The room was really hot and stuffy so I decided to turn the fire off and let some fresh air into the room. I swivelled round on my office chair to face the fire and was about to stand when I spotted a malevolent-looking black shape at the top of the fire. It looked really fuzzy and I tried to make out what it was. I stared at it for about 20 seconds before I realised that it was actually a hole in the wall!
That was when I worked out what was going on - I was being gassed! I tried getting to my feet to walk over to the fire to turn it off but my legs buckled and I fell to the floor. Lights out...
I was out cold for over 2 hours before coming round face down on the carpet. I managed to summon enough strength to crawl to the fire and turn it off, then I crawled down the stairs to cool, fresh air on the first floor landing. Then I blacked out again...
After another couple of hours I came round again and recovered enough to get to my feet and go upstairs (holding my breath), open the attic window, and retreat to safety again.
I think what saved me was probably a pocket of clean air below a roomful of carbon monoxide. Nobody else lives in the house. If I hadn't come round, I'd have died there on the floor before anybody even realised that there was anything wrong.

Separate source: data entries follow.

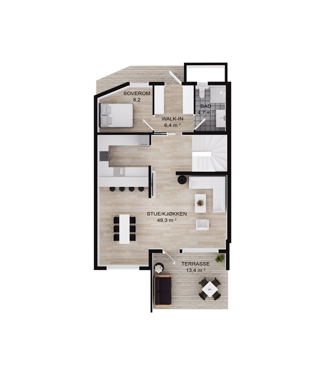 Boligene leveres helt ferdig inne og ute, alt i en standard du vil bli positivt overrasket over. Her flytter du rett inn. En oversiktlig byggeprosess og hvor du selv velger hvor mye du vil involvere deg.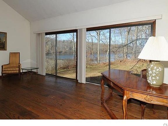 Fantastic W. Redding location! Desirable Chalburn!Open spaced contemporary with stunning lake views and sun-filled rooms! Built as a 2 bedroom with a 1st floor den. Large open kitchen leads to 2 story Great Room with stone fireplace. Generator! Close to Branchville and W. Redding trains. Caraluzzi's is just down the street! Storage above garage. Great potential. Currently 5 acres are town designated Open Space. Call agent for specifics. House being sold "As Is".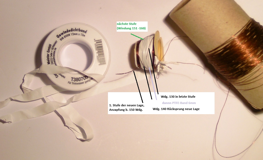 Aus Platzgründen kommt nur Permeabilitäts-abstimung mit dem Abgleich-Kern in Frage. Es soll die Stufenwicklung mal in der Praxis gezeigt werden, da es eine Alternative zur Kreuzwickelspule ist. Das Teflon (PTFE)-Band hat nicht nur geringe dielektrische Verluste, es verhindert auch das Zurückrutschen der nächsten Stufe, wenn es nach Fertigstellen einer Lage direkt im Anschluss über diese gewickelt wird.

The poisoning has left its mark on me. For months afterwards I was slurring and mixing up my words. My sister asked me if I was drunk when I rang her to tell her what had happened because she couldn't make sense of what I was saying. I now suffer from severe motion sickness. I have to double-check everything I type because phantom and rhyming words appear without me meaning to put them there. For a few months, I wasn't confident that I knew the names of my family members. Even now, I struggle with the names of some forum members that I've met on several occasions. I can't concentrate for long periods of time. I feel as though I have a permanent hangover. I gave up drinking for over a year and it didn't go away, so it's definitely not just due to my beer intake!
That fire...
It turned out that the idiot who'd installed it had done a real botch-job. (S)He had bricked up the top of the fireplace without putting a lintel in! The bricks were literally just hanging there by the mortar above and to the sides of them. They had then plastered over the bricks and installed the gas fire. It looked perfectly okay.
Over the years, the inevitable had happened. The brickwork had started to sag and the plaster had cracked. When I examined the fire after my poisoning, I could see where a big chunk of plaster had broken off and fallen down the back of the fire, exposing a gap through to the flue big enough to slide a rolled-up newspaper through. The hot gasses from the back of the wire** had been venting straight into the room.
(** There you go - I typed 'wire' instead of 'fire' - the 'w' key is not adjacent to the 'f' key so why did I do that?)
That's enough waffle - learn from my experience and don't do it the hard way -
- Fit CO detectors and check them regularly.
- Have your gas appliances serviced regularly.
- Don't put off the first two!
PS I'm convinced that I've written all this before but I can't find it anywhere on CycleChat or BikeRadar. Perhaps it was on the old C+ forum, or maybe it's just my CO-addled brain playing tricks on me!